11. In wieviel Prozent der Fälle wurden bei angekündigten Verdachtskontrollen Verletzungen gegen geltendes Tierschutzrecht festgestellt?

2.2 Verdachtskontrollen

12. Wie viele Meldungen bezüglich tierschutzrechtlicher Vorwürfe erfolgten bezüglich Tieren in der Nutztierhaltung im Jahr 2017 durch Dritte? Bitte aufschlüsseln nach Landkreisen.

13. In wie vielen Fällen wurden im Jahr 2017 Verdachtskontrollen aufgrund einer konkreten Meldung durchgeführt? Bitte aufschlüsseln nach Landkreisen.

14. In wie vielen Fällen wurden Verdachtskontrollen trotz einer konkreten Meldung in 2017 nicht durchgeführt?

15. Aus welchen Gründen konnte einigen Verdachtsmeldungen nicht nachgegangen werden?

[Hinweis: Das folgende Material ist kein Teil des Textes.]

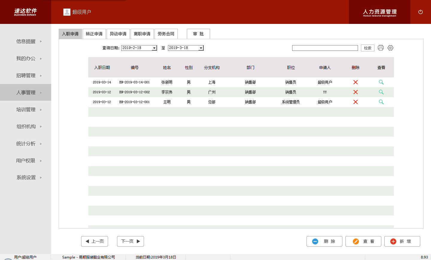 入职申请、转正申请、异动申请、离职申请、劳动合同 |

16. Wie effektiv sind die Hinweise aus der Zivilbevölkerung zur Ahndung von Tierschutzverletzungen in der Nutztierhaltung? In wie vielen Fällen wurden auf Grundlage dieser Hinweise Mängel festgestellt?

17. Wie viel Zeit vergeht im Durchschnitt zwischen der Meldung eines begründeten Verdachts und der daran anschließenden Anlasskontrolle?

2.3 Unangekündigte Kontrollen

18. Wie hoch ist der Anteil unangekündigter Kontrollen im Jahr 2017? Bitte aufschlüsseln nach Landkreisen.

19. Wie effektiv ist die Durchführung von unangekündigten Kontrollen im Vergleich zu angekündigten Kontrollen hinsichtlich der Aufdeckung von Tierschutzverstößen?

20. In wieviel Prozent der Fälle wurden bei unangekündigten Verdachtskontrollen Verletzungen gegen geltendes Tierschutzrecht festgestellt?

21. Aufgrund welcher gemeldeten Mängel wurden Kontrollen unangekündigt durchgeführt?

2.4 Personalsituation Veterinärämter

22. Wie viele amtliche Veterinärinnen und Veterinäre sind in NRW beschäftigt? Wie viele dieser Veterinärinnen und Veterinäre sind für Tierschutzkontrollen zuständig?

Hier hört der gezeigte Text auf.